◆ DATA IN THIS EXERCISE
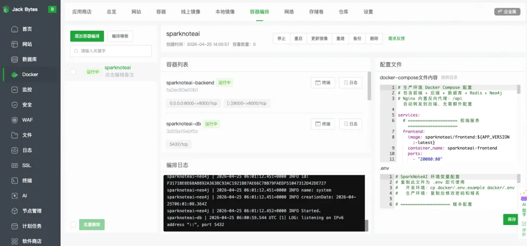 # 生产环境 Docker Compose 配置# 包含前端 + 后端 + 数据库 + Redis + Neo4j# Nginx 内置反向代理:/api 自动转发到后端,无需额外配置services:# ==================== 前端服务 ====================frontend:image:sparknoteai/frontend:${APP_VERSION:-latest}container_name:sparknoteai-frontendports:-"20080:80"depends_on:backend:condition:service_healthynetworks:-sparknoteai-networkrestart:unless-stoppedlabels:-"com.sparknoteai.service=frontend"# ==================== 后端服务 ====================backend:image:sparknoteai/backend:${APP_VERSION:-latest}container_name:sparknoteai-backendports:-"8000:8000"environment:# 注意:不使用 env_file,避免 APP_VERSION 覆盖 Docker 镜像构建时的版本号-DATABASE_URL=postgresql://${POSTGRES_USER:-sparknoteai}:${POSTGRES_PASSWORD}@db:5432/${POSTGRES_DB:-sparknoteai}-REDIS_URL=redis://:${REDIS_PASSWORD}@redis:6379/0-SECRET_KEY=${SECRET_KEY}-ACCESS_TOKEN_EXPIRE_MINUTES=${ACCESS_TOKEN_EXPIRE_MINUTES:-10080}-ENCRYPTION_KEY=${ENCRYPTION_KEY}-COMPATIBLE_CLIENT_VERSIONS=${COMPATIBLE_CLIENT_VERSIONS:-}-ADMIN_USERNAME=${ADMIN_USERNAME:-admin}-ADMIN_PASSWORD=${ADMIN_PASSWORD}-ADMIN_EMAIL=${ADMIN_EMAIL:-admin@example.com}-NEO4J_URI=bolt://neo4j:7687-NEO4J_PASSWORD=${NEO4J_PASSWORD}-DEBUG=falsevolumes:-backend_uploads:/app/data/uploadsdepends_on:db:condition:service_healthyredis:condition:service_healthyneo4j:condition:service_healthynetworks:-sparknoteai-networkrestart:unless-stoppedhealthcheck:test:["CMD","curl","-f","http://localhost:8000/api/health"]interval:30stimeout:10sretries:3start_period:40slabels:-"com.sparknoteai.service=backend"# ==================== PostgreSQL 数据库 ====================db:image:postgres:15-alpinecontainer_name:sparknoteai-dbenv_file:-.envenvironment:POSTGRES_DB:${POSTGRES_DB:-sparknoteai}POSTGRES_USER:${POSTGRES_USER:-sparknoteai}POSTGRES_PASSWORD:${POSTGRES_PASSWORD}volumes:-postgres_data:/var/lib/postgresql/data-./postgres/init.sql:/docker-entrypoint-initdb.d/init.sql:ronetworks:-sparknoteai-networkrestart:unless-stoppedhealthcheck:test:["CMD-SHELL","pg_isready -U sparknoteai -d sparknoteai"]interval:10stimeout:5sretries:5labels:-"com.sparknoteai.service=database"# ==================== Redis 缓存 ====================redis:image:redis:7-alpinecontainer_name:sparknoteai-redisenv_file:-.envcommand:redis-server--appendonlyyes--requirepass${REDIS_PASSWORD}expose:-"6379"volumes:-redis_data:/datanetworks:-sparknoteai-networkrestart:unless-stoppedhealthcheck:test:["CMD","redis-cli","--pass","${REDIS_PASSWORD}","ping"]interval:10stimeout:5sretries:5labels:-"com.sparknoteai.service=redis"# ==================== Neo4j 知识图谱 ====================neo4j:image:neo4j:5-communitycontainer_name:sparknoteai-neo4jenvironment:-NEO4J_AUTH=neo4j/${NEO4J_PASSWORD}-NEO4J_PLUGINS=["apoc"]-NEO4J_dbms_security_procedures_unrestricted=apoc.*expose:-"7474"-"7687"volumes:-neo4j_data:/datanetworks:-sparknoteai-networkrestart:unless-stoppedhealthcheck:test:["CMD","wget","--no-verbose","--tries=1","--spider","http://localhost:7474/"]interval:15stimeout:10sretries:5labels:-"com.sparknoteai.service=neo4j"# ==================== 数据卷 ====================volumes:# 后端backend_uploads:# 数据库postgres_data:redis_data:neo4j_data:# ==================== 网络 ====================networks:sparknoteai-network:driver:bridge
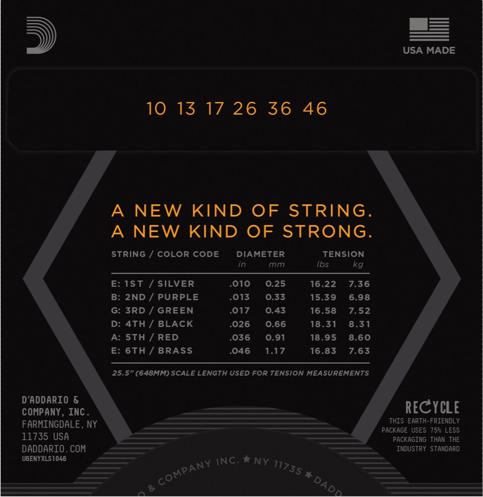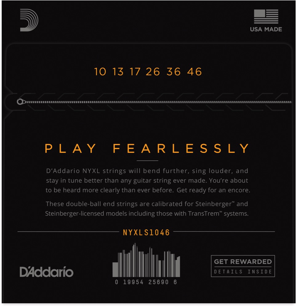 D'Addario NYXLS1046 Nickel Wound Electric Guitar Strings, Regular Light, Double Ball End, 10-46
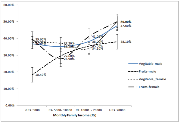 In both young men and women, those in higher income brackets seem to consume vegetable and fruits more frequently than those in lower income brackets (Figure 1). Frequency of fruit consumption is considerably low in young men, and economic hardships seem to aggravate this poor dietary behavior in them.
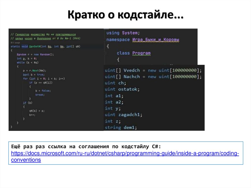 Кратко о кодстайле...Ещё раз раз ссылка на соглашения по кодстайлу C#:
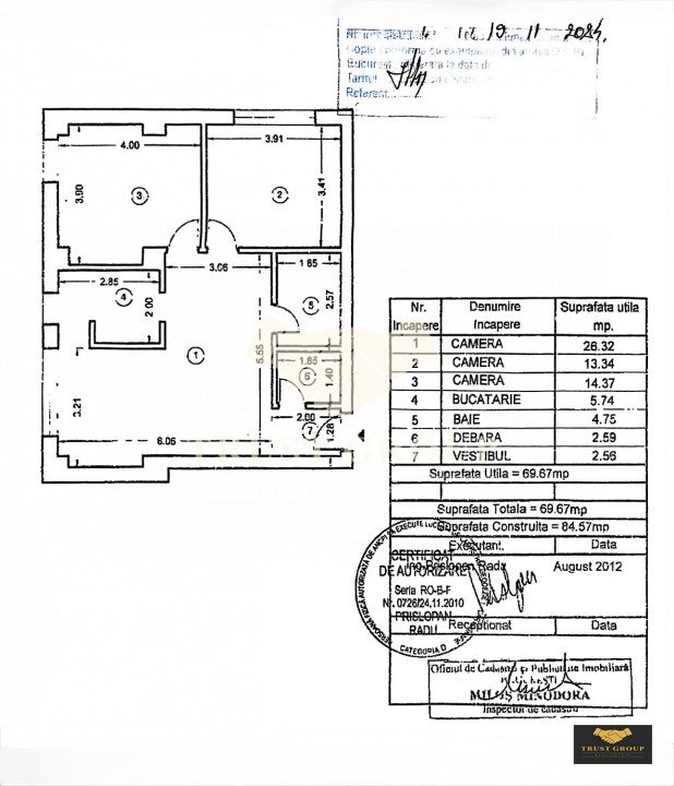 Dispune de o suprafata totala de 69mp, este semidecomandat si compartimentat astfel: living, bucatarie, doua dormitoare, doua bai, hol, spatii de depozitare.

◆ ABOUT THIS TASK
For each entry, copy the text exactly and leave out any image it carries.

◆ EXERCISE ANSWER
 # 生产环境 Docker Compose 配置# 包含前端 + 后端 + 数据库 + Redis + Neo4j# Nginx 内置反向代理:/api 自动转发到后端,无需额外配置services:# ==================== 前端服务 ====================frontend:image:sparknoteai/frontend:${APP_VERSION:-latest}container_name:sparknoteai-frontendports:-"20080:80"depends_on:backend:condition:service_healthynetworks:-sparknoteai-networkrestart:unless-stoppedlabels:-"com.sparknoteai.service=frontend"# ==================== 后端服务 ====================backend:image:sparknoteai/backend:${APP_VERSION:-latest}container_name:sparknoteai-backendports:-"8000:8000"environment:# 注意:不使用 env_file,避免 APP_VERSION 覆盖 Docker 镜像构建时的版本号-DATABASE_URL=postgresql://${POSTGRES_USER:-sparknoteai}:${POSTGRES_PASSWORD}@db:5432/${POSTGRES_DB:-sparknoteai}-REDIS_URL=redis://:${REDIS_PASSWORD}@redis:6379/0-SECRET_KEY=${SECRET_KEY}-ACCESS_TOKEN_EXPIRE_MINUTES=${ACCESS_TOKEN_EXPIRE_MINUTES:-10080}-ENCRYPTION_KEY=${ENCRYPTION_KEY}-COMPATIBLE_CLIENT_VERSIONS=${COMPATIBLE_CLIENT_VERSIONS:-}-ADMIN_USERNAME=${ADMIN_USERNAME:-admin}-ADMIN_PASSWORD=${ADMIN_PASSWORD}-ADMIN_EMAIL=${ADMIN_EMAIL:-admin@example.com}-NEO4J_URI=bolt://neo4j:7687-NEO4J_PASSWORD=${NEO4J_PASSWORD}-DEBUG=falsevolumes:-backend_uploads:/app/data/uploadsdepends_on:db:condition:service_healthyredis:condition:service_healthyneo4j:condition:service_healthynetworks:-sparknoteai-networkrestart:unless-stoppedhealthcheck:test:["CMD","curl","-f","http://localhost:8000/api/health"]interval:30stimeout:10sretries:3start_period:40slabels:-"com.sparknoteai.service=backend"# ==================== PostgreSQL 数据库 ====================db:image:postgres:15-alpinecontainer_name:sparknoteai-dbenv_file:-.envenvironment:POSTGRES_DB:${POSTGRES_DB:-sparknoteai}POSTGRES_USER:${POSTGRES_USER:-sparknoteai}POSTGRES_PASSWORD:${POSTGRES_PASSWORD}volumes:-postgres_data:/var/lib/postgresql/data-./postgres/init.sql:/docker-entrypoint-initdb.d/init.sql:ronetworks:-sparknoteai-networkrestart:unless-stoppedhealthcheck:test:["CMD-SHELL","pg_isready -U sparknoteai -d sparknoteai"]interval:10stimeout:5sretries:5labels:-"com.sparknoteai.service=database"# ==================== Redis 缓存 ====================redis:image:redis:7-alpinecontainer_name:sparknoteai-redisenv_file:-.envcommand:redis-server--appendonlyyes--requirepass${REDIS_PASSWORD}expose:-"6379"volumes:-redis_data:/datanetworks:-sparknoteai-networkrestart:unless-stoppedhealthcheck:test:["CMD","redis-cli","--pass","${REDIS_PASSWORD}","ping"]interval:10stimeout:5sretries:5labels:-"com.sparknoteai.service=redis"# ==================== Neo4j 知识图谱 ====================neo4j:image:neo4j:5-communitycontainer_name:sparknoteai-neo4jenvironment:-NEO4J_AUTH=neo4j/${NEO4J_PASSWORD}-NEO4J_PLUGINS=["apoc"]-NEO4J_dbms_security_procedures_unrestricted=apoc.*expose:-"7474"-"7687"volumes:-neo4j_data:/datanetworks:-sparknoteai-networkrestart:unless-stoppedhealthcheck:test:["CMD","wget","--no-verbose","--tries=1","--spider","http://localhost:7474/"]interval:15stimeout:10sretries:5labels:-"com.sparknoteai.service=neo4j"# ==================== 数据卷 ====================volumes:# 后端backend_uploads:# 数据库postgres_data:redis_data:neo4j_data:# ==================== 网络 ====================networks:sparknoteai-network:driver:bridge
 D'Addario NYXLS1046 Nickel Wound Electric Guitar Strings, Regular Light, Double Ball End, 10-46
 In both young men and women, those in higher income brackets seem to consume vegetable and fruits more frequently than those in lower income brackets (Figure 1). Frequency of fruit consumption is considerably low in young men, and economic hardships seem to aggravate this poor dietary behavior in them.
 Кратко о кодстайле...Ещё раз раз ссылка на соглашения по кодстайлу C#:
 Dispune de o suprafata totala de 69mp, este semidecomandat si compartimentat astfel: living, bucatarie, doua dormitoare, doua bai, hol, spatii de depozitare.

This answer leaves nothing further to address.